== EXERCISE DETAILS ==
Take the entries that follow and return exactly the lines from the one holding "13本入り六角軸ツイストドリ" through the one holding "Crafted for her", both included. Nothing else is needed.

== THE RECORDS ==
★ ★ ★ ★ ★
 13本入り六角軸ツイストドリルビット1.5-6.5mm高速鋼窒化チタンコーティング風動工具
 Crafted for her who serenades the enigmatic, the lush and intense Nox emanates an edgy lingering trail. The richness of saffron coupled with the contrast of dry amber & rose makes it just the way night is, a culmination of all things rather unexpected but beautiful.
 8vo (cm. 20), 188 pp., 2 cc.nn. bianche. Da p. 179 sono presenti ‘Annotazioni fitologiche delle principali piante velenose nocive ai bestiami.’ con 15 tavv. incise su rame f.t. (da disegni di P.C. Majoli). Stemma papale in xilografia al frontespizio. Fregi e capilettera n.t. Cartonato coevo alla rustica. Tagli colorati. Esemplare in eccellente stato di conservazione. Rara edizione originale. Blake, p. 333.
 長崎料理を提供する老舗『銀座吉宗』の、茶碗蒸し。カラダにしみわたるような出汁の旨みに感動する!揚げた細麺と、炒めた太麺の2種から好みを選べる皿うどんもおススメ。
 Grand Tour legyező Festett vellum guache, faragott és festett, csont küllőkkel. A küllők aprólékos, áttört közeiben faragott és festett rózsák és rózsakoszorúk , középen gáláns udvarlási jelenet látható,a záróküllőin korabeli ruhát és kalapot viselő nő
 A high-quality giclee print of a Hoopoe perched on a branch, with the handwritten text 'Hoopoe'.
★ ★ ★ ★ ★
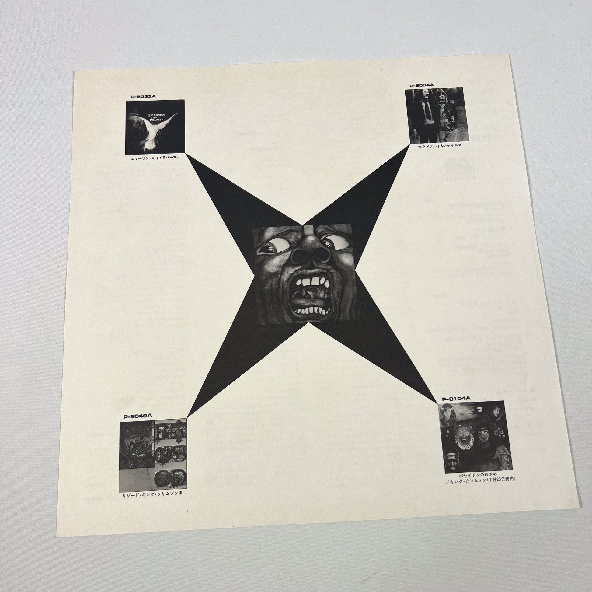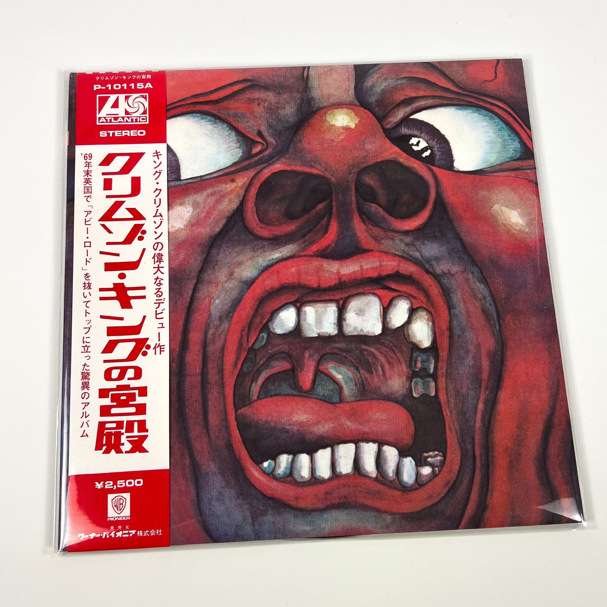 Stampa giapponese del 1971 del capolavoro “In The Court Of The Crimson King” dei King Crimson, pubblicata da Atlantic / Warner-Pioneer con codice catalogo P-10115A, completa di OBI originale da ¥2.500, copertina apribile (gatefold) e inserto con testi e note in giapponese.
★ ★ ★ ★ ★
== OUTPUT ==
 13本入り六角軸ツイストドリルビット1.5-6.5mm高速鋼窒化チタンコーティング風動工具
 Crafted for her who serenades the enigmatic, the lush and intense Nox emanates an edgy lingering trail. The richness of saffron coupled with the contrast of dry amber & rose makes it just the way night is, a culmination of all things rather unexpected but beautiful.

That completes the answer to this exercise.